Each demo is useful by itself, but the real pitch is that they connect into a reviewed workflow for a medical aesthetics practice.

    Guardrails

      The right operating model is staff-reviewed automation.

      For a premium medical aesthetics practice, AI should move faster than manual work while still looking like a disciplined clinical business.

      Capture

      All leads, comments, reviews, consult forms, content sources, and photo assets enter a governed queue with source IDs.

      Draft

      AI drafts summaries, campaign variants, replies, reminders, and coordinator handoffs with source links and confidence notes.

      Review

      Staff or clinician approves anything patient-facing, PHI-bearing, testimonial-related, or clinically adjacent.

      Route

      Urgent symptoms, post-op concerns, angry reviews, contraindications, and pricing exceptions route to humans.

      Measure

      Dashboards show response speed, booking, consult conversion, no-shows, member behavior, retail attach, and content attribution.

      Govern

      Vendors, BAAs, consent scope, audit trails, retention, deletion, and model boundaries are tracked before expansion.

      The strongest AI pitch is explicit about what AI should not do.

      In aesthetics, trust is the asset.

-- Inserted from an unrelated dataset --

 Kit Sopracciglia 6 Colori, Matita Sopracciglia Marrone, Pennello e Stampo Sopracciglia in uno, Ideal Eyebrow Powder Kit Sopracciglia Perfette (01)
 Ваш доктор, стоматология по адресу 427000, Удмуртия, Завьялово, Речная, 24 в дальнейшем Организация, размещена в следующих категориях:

The demo should show restraint around patient media, reviews, clinical claims, tracking, and visual expectations.

      HIPAA and tracking

      PHI workflows require BAA-backed vendors, minimum necessary access, logging, deletion terms, and careful review of website tracking technology.

      Before/after consent

      Before/after media and testimonials need usage-specific consent for website, social, ads, and internal review. AI should tag rights, not alter outcomes.

      FTC reviews

      No AI-generated patients, fake reviews, review gating, or PHI-bearing public review replies. Use AI for theme mining and reviewed response drafts.

      FDA and claims

      Device, laser, injectable, weight-loss, and skin claims need source-backed language and escalation when clinical risk appears.

      Visual simulation

      Park autonomous morphs, candidacy scoring, and outcome prediction until vendor validation, consent, and clinical review are clear.

      Brand voice

      Keep Raval's "less is more" natural-result positioning. Do not let AI turn premium restraint into volume marketing.

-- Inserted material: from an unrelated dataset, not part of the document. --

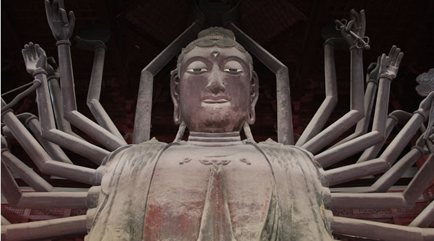 隆興寺:位于石家莊市正定縣縣城,是國(guó)內(nèi)現(xiàn)存時(shí)代較早、規(guī)模較大而又保存完整的佛教寺院之一。隆興寺始建于隋開皇六年(586年),原名“龍藏寺”。宋初,太祖祖趙匡胤敕令在龍藏寺內(nèi)鑄造銅佛,并蓋大悲閣,遂大興土,以大悲閣為主體的一組宋代建筑先后告成。到了清康熙、乾隆年間,又兩次大規(guī)模維修和增建,寺院發(fā)展到鼎盛時(shí)期。清康熙四十八年(1709),改龍藏寺為隆興寺,俗稱大佛寺。 隆興寺這座千年古剎,歷代帝王曾多次到此巡境幸駐蹕,上香禮佛,題詩書匾,刻碑立石?梢姰(dāng)年這里晨鐘暮鼓,鐘磬齊鳴,香煙繚繞,“南無”聲聲的歷史盛況。大悲閣是隆興寺的主體建筑,五檐三層,高33米。閣內(nèi)正矗立著高大銅佛鑄像,這就是名聞遐邇的正定大菩薩。這尊千手千眼觀音菩薩像有22.28米高,有42臂分別執(zhí)日、月、凈瓶、寶杖、寶鏡、金剛杵等法器。面部情端祥恬靜,仁慈莊重。達(dá)到了瞻之彌高、仰之益恭的藝術(shù)效果。

      Start with a 30-day reviewed pilot. Graduate to automation only after proof.

      The best first month is enough to show value without asking the practice to trust AI with clinical judgment.

      Baseline

      Pull 90 days of leads, booking outcomes, consult outcomes, cancellations, membership behavior, product sales, and content links.

      Content Ops

      Build a reviewed campaign from one high-signal Reel into captions, email, blog, FAQ, and consult-packet copy.

      Consult Prep

      Ship a synthetic pre-consult assistant plus intake summary workflow for staff review.

      Measure

      Measure response speed, draft approval, content cadence, lead-to-consult, consult-to-treatment, and membership conversion signals.

      Tonight's demo path: scorecard baseline -> Instagram intelligence -> benchmark gap -> one-Reel campaign -> guarded consult-prep mockup.

      Every visible benchmark has a source trail.

      Internal scrape stats are summarized without exposing local files. Public benchmarks point to their original pages or reports. The local Instagram scrape is refreshed through May 4 2026.

      Local Raval evidence

      • Internal Instagram export: 496 local metadata records from January 2022 through May 4 2026.
      • Internal media export: 1,434 downloaded local assets used for analysis.
      • AI analysis corpus: 496 Raval posts plus 93 benchmark posts.
      • ForumAI Raval content corpus: blogs, social posts, and emails.
      • Hosted version omits raw local files; source notes remain in the working folder.

      Practice and channel sources

      Caveats: local Instagram scrape is refreshed through May 4 2026 but does not expose a clean follower-count snapshot in the local export; patient media needs consent review before external use; benchmark read is category-learning only, not a full business-performance audit.